2) The second type usually affects people with undiagnosed issues who are visiting the city as part of a group and sees them develop religious delusions of grandeur. Like the case of fervent German, who, after being hospitalized and barred from the city for attacking the priests, continued to both work as an academic and hold his radical religious views, reportedly regretting only his inability to spread his gospel from Jerusalem itself.

3) The third and most famous type, which also has the least documented cases, has people with no previous history of mental illness experiencing psychotic episodes in the city that passes after they leave and tends not to reappear again.

One example cited by the study is of Swiss lawyer who arrived in Jerusalem with a group tour after spending a calm and uneventful week in Greece. Upon arriving the city he fell under prey to an inexplicable episode that saw him try to undertake a religious mission, attempting to don his hotel sheets in a toga-like form and head to one of the city’s religious sites, only to be fully cured at the end of the tour and continuing to Egypt as if nothing had ever happened.

Two Jerusalems

Orthodox Christian pilgrims commemorate the path Jesus carried his cross on the day of his crucifixion along the Via Dolorosa in Jerusalem| © Ryan Rodrick Beiler/Shutterstock

Orthodox Christian pilgrims commemorate the path Jesus carried his cross on the day of his crucifixion along the Via Dolorosa in Jerusalem| © Ryan Rodrick Beiler/Shutterstock

Researchers found that this type disappointingly effects Protestants, with only two known cases being the exception—and even then one was a Jewish man who was raised a devout Protestant.

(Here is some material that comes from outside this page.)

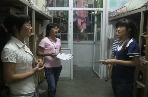 学生会成员每到一个宿舍,都会与各宿舍成员进行热情交谈,详细询问了解学生的新学期的打算、计划等情况。通过排查,我们发现2010级张潇予等同学,2012级侯明霞等同学在暑假期间家庭突然发生变故,并及时向学院领导反映情况,学院领导敦促班主任要密切关注这些学生,想尽一切办法缓和解决学生的生活和学习困难。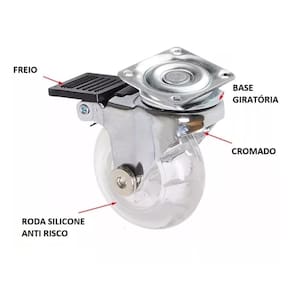 - Material da Base: Aço - Material da Roda: Silicone Gel Anti risco - Diâmetro: 50 mm 5 cm - Carga: 40 kg por roda - Altura total: 65 mm 6,5 cm - Largura da roda: 20 mm - Tamanho da Chapa: 42mm x 42 mm - Distancia entre furos: 32mm x 32 mm - Cor da Roda: Transparente - Cor da Base: Cromado

“When people dream of Jerusalem, they do not see the modern, politically controversial Jerusalem, but rather the holy biblical and religious city,” the study said, claiming that all of the afflicted “Protestants came from what can be described as ‘ultra-religious families’.”

For these fundamentalist believers, Jerusalem assumes supreme significance and “such people possess an idealistic subconscious image of Jerusalem, the holy places and the life and death of Jesus,” the study said, stipulating that the cause was the attempt to bridge the gap between the real Jerusalem and the one of Biblical lore.

This is remarkably similar to another urban-based “illnesses” known as Paris Syndrome, which affects Japanese tourists who go into a state of shock or rage upon discovering that Paris is not the romantic ideal they were told, but rather a real and imperfect metropolis. Another is Stendhal Syndrome or Florence Syndrome—a form of Renaissance overdose, or culturally induced panic attack.

But don’t worry, your chances of being affected are slim to none: between 1980 and 1993 there were only 42 cases fitting the third and truly frightening type of manifestation. Most Israelis know it as the light depression people get after spending too much time in the city, and that’s why we have Tel Aviv.